I was talking to SBC about bringing in additional DS3s to one of our facilities and they mentioned that the local loops are now fiber. How exactly does a copper DS3 compare to a fiber DS3? I always thought that a true DS3 needed to be over copper.
DS3's are definately copper (Coax w/BNC connectors).
They usually bring it in via a SONET Fibre system (aka. a single channel on an OC3/STS-1).
If you require more than 1 DS3, they'll usually drop an OC3/OC12 SONET MUX/ADM on your premises; and mux the multiple DS3's into a SONET/OC3-OC12 signal for delivery into the Telco Metro Network.
However, "your" interface (i.e. your side of the DEMARC) is always Coax/BNC, one pair of coax (Tx/Rx) per DS3. The fact that the local telos may employ a SONET/Fibre facility is irrelevant to you for all intents and purposes. =)
- R208.
The only Caveat to that, is if you *also* have your own SONET ADM/MUXing equipment. You could request 3 x DS3's, but ask that the Telco bring it in on a channelized OC3 (3 x STS-1's); and you would DEMUX the DS'3s from the SONET signal yourself. (This is what we do - We have a bunch of Nortel OM3500 OC-48 Transport Nodes, and usually request of our carriers to drop any leased DS3's to us on SONET APS 1+1 OC3/OC12 links; which we run protected SONET/Fibre to their equipment.
We then Mux/Demux the DS3's ourselves. However, They *all* still terminate as individual Coax/BNC connections on our own internal DSX-3 termination panel.

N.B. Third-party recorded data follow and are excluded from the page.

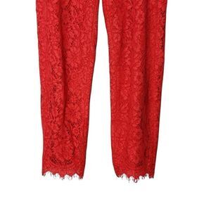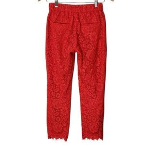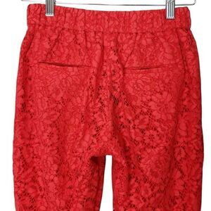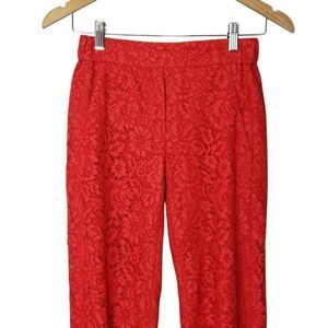 EUC! Elegant, unique red lace cropped pants. Perfect for stylish occasions. Comfortable fit with elastic waist, back pockets.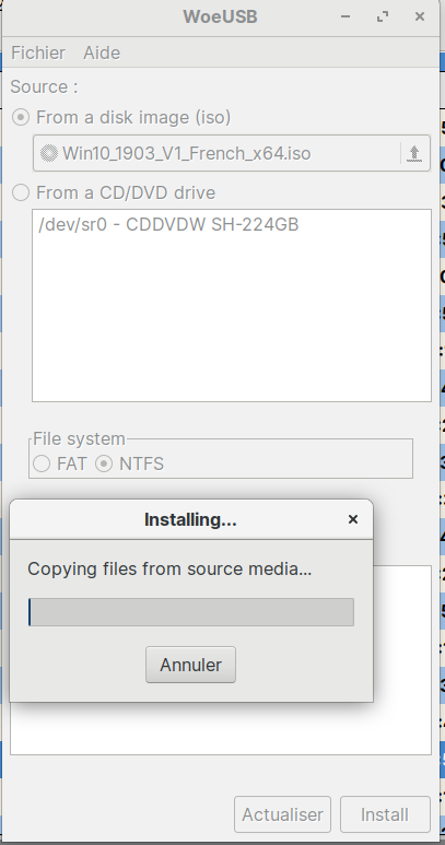 Par contre, le processus de nettoyage s’étant bloqué, il faut faire : Alt+ F4 pour fermer la fenêtre  de WoeUSB et redémarrer le PC. Et ensuite, effacer en root dans media > woeusb_source_xx et woeusb_target_xx
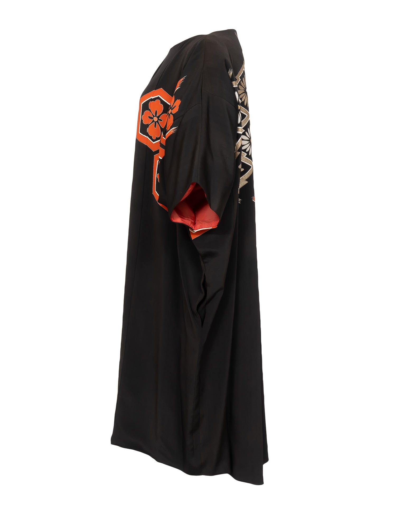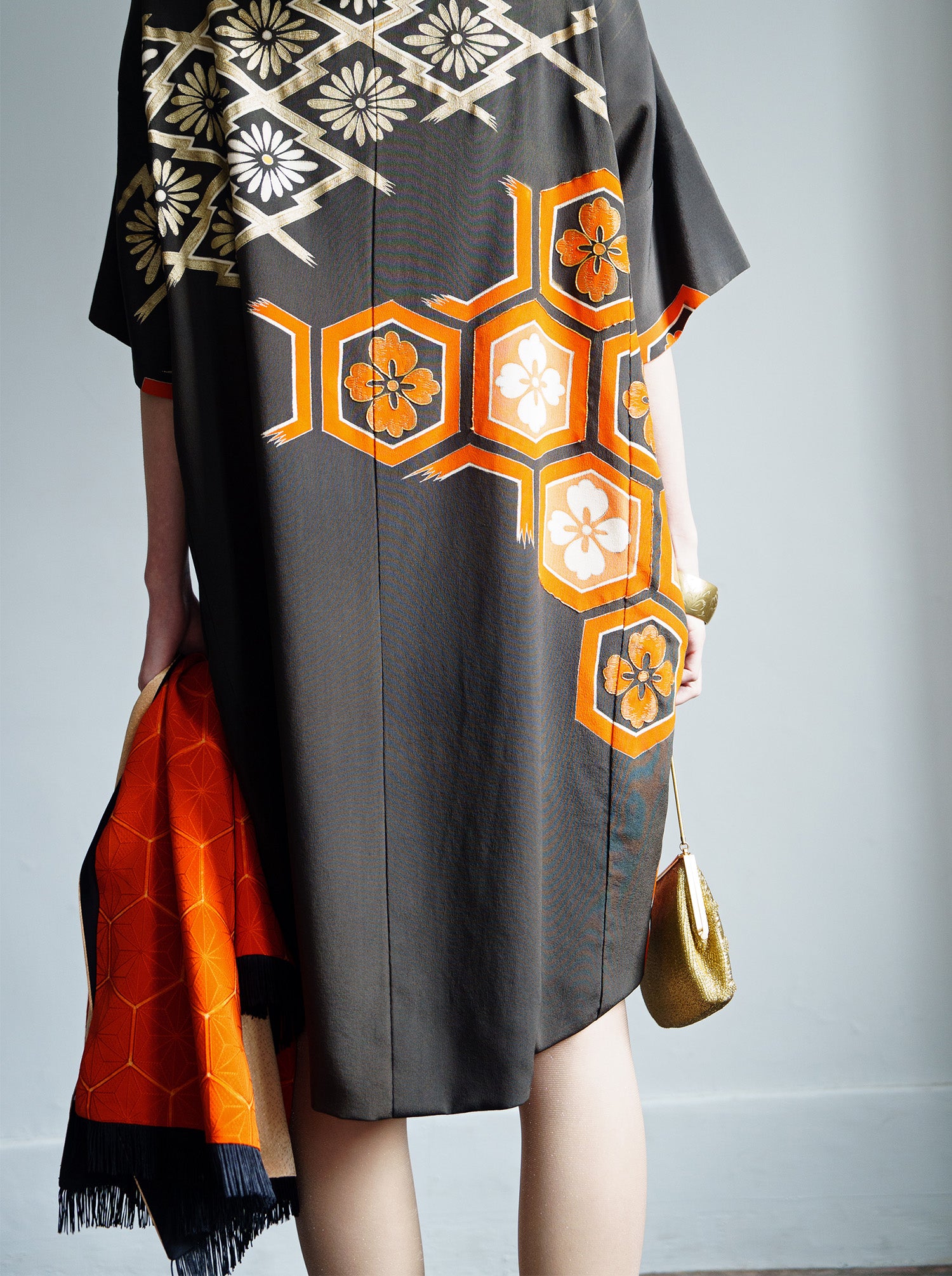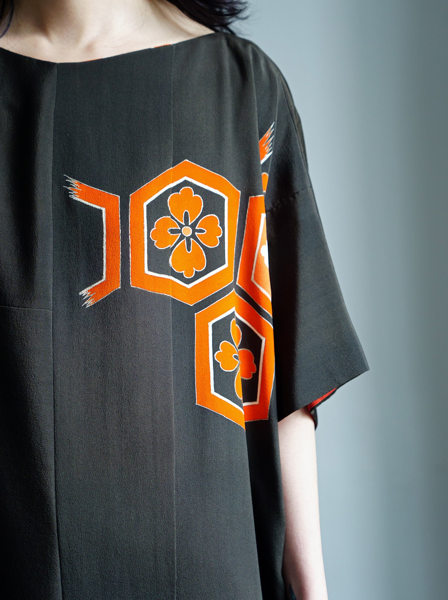 冠婚葬祭の時に第一礼装として着用される「留黒袖」をワンピースドレスにアップサイクルしました。 元来の着物が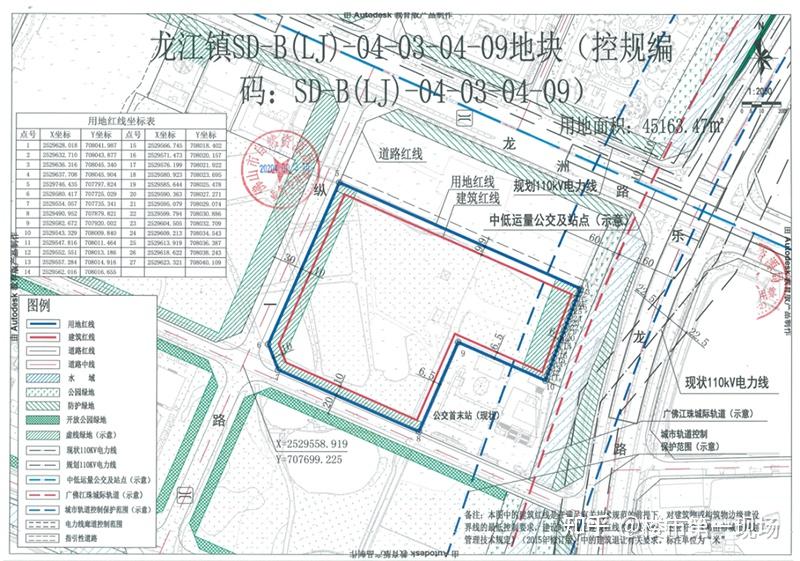 据此前的规划,该线路有路过龙江并设站,小编从片区控规+本年龙江出让地块信息中也能够揣测,广佛江珠城际从信业地块(即龙悦山河东侧)的东边路过,南下不远在龙江中心南区与肇顺南城际

_______________________________________
Dir., Network Engineering, for an IXC/CLEC/ISP
Last edited by Resolution 208; 02-05-2006 at 05:53 PM.
Reason: addenum
DS3 hand-off is always done as copper. However, I've never heard of any LEC stringing coax DS3 cables across telephone poles; the coax DS3 is used within the building where the hand-off takes place.
To ride between buildings (e.g. to the CO), DS3 is muxed-up to OC3 or higher. This means that to get a single DS3 into a building with no fiber yet, the LEC will trench fiber into the building and install an OC3 mux... very expensive.